Litigation Trends 2021

Top 10 cases of 2021

2021 offered some reprieve from the challenges and uncertainty of 2020. Many of us were vaccinated against COVID-19, businesses reopened, and families reunited across domestic and international borders. It was an equally eventful year in Canadian courts. From the third installment of the Supreme Court of Canada’s “Good Faith Trilogy” to developments in anti-SLAPP litigation, there was no shortage of precedent-setting caselaw this year.

The Top 10 cases of 2021

1. Contract is (mostly) king: Wastech and Corner Brook

The Supreme Court of Canada’s decisions in Wastech v. Greater Vancouver Sewerage and Drainage District and Corner Brook (City) v. Bailey clarified important principles of contract law and moved the dial towards greater harmonization and commercial certainty in contractual interpretation.

In Wastech v. Greater Vancouver Sewerage and Drainage District, the Supreme Court clarified the scope of the duty to exercise contractual discretion in good faith1. The court confirmed that the duty to exercise discretion in good faith is a general doctrine of contract law, and that it will be breached when a discretionary power is exercised in a manner unconnected to the purpose for which it was granted. The limit of discretionary power is determined through contractual interpretation, rather than general notions of fairness. The Supreme Court’s approach, based in parties’ freedom to contract, allows “some elbow-room” for the “aggressive pursuit of self-interest”2.

The Supreme Court also eliminated the 150-year-old “Blackmore Rule” which allowed courts to consider evidence of surrounding circumstances to determine the scope of a release from liability. This usually had the effect of narrowing the release. In Corner Brook (City) v. Bailey, the Supreme Court of Canada unanimously held that Blackmore should no longer be followed, and that releases should be interpreted just like any other contract3.

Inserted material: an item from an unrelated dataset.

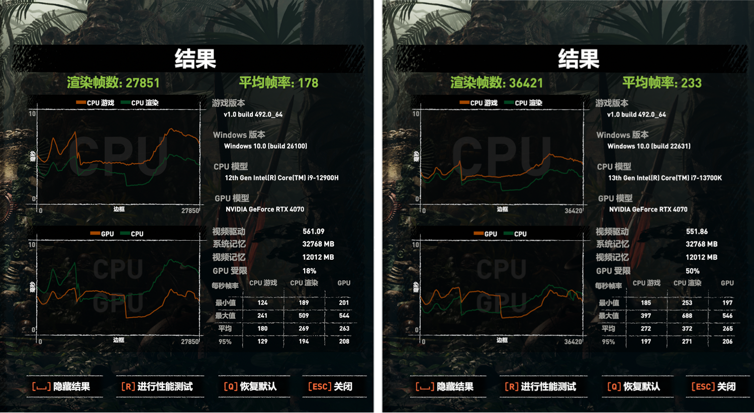打开游戏《暗影》,画质调至最高,在1920x1080分辨率下,这套组合(左图)的最终渲染分数为27851,平均帧率178帧;对比台式机(右图)上的分值,差距有些明显。这是因为台式机用的是酷睿i7-13700K处理器,输在了CPU渲染值上。

2. Employers win on stock awards and vaccination policies (for now): Battiston and Blake

Battiston v. Microsoft Canada Inc. and Blake v. University Health Network were cautious wins for employers on two issues that have each recently garnered attention: entitlement to unvested stock options on termination, and mandatory vaccination policies.

In Battiston v. Microsoft Canada Inc., the Court of Appeal for Ontario confirmed that requiring an employee to electronically acknowledge stock award terms can make those terms enforceable4. Microsoft communicated stock awards every year in an email to employees, requiring them to acknowledge having read, understood, and accepted the terms. The plaintiff argued that as a Microsoft employee he did not read them, was not aware of a term that stocks would stop vesting after termination, and should not be bound by it. The trial court had found for the employee on this point, but the Court of Appeal reversed the decision, holding that a party who has notice of terms cannot escape them by opting not to read them. Battison comes on the heels of the Supreme Court of Canada’s 2020 decision on entitlement to bonus payments on termination in Matthews v. Ocean Nutrion Canada Limited5, and points to Canadian courts’ willingness to uphold agreements that unambiguously limit employees’ entitlements to discretionary payments after termination.

In Blake v. University Health Network, the Ontario Superior Court of Justice declined to issue an injunction prohibiting several hospitals from terminating unvaccinated employees6. The Court reasoned that termination could not constitute irreparable harm because an employee’s right is to notice for wrongful dismissal, not ongoing employment. It also held that unionized employees had no standing to bring the application because their collective agreement limited their recourse to a labour tribunal or an arbitrator. While the decision may be a win for employers, it is silent on the legality of mandatory vaccination policies generally, and other court challenges to mandatory vaccination policies remain outstanding.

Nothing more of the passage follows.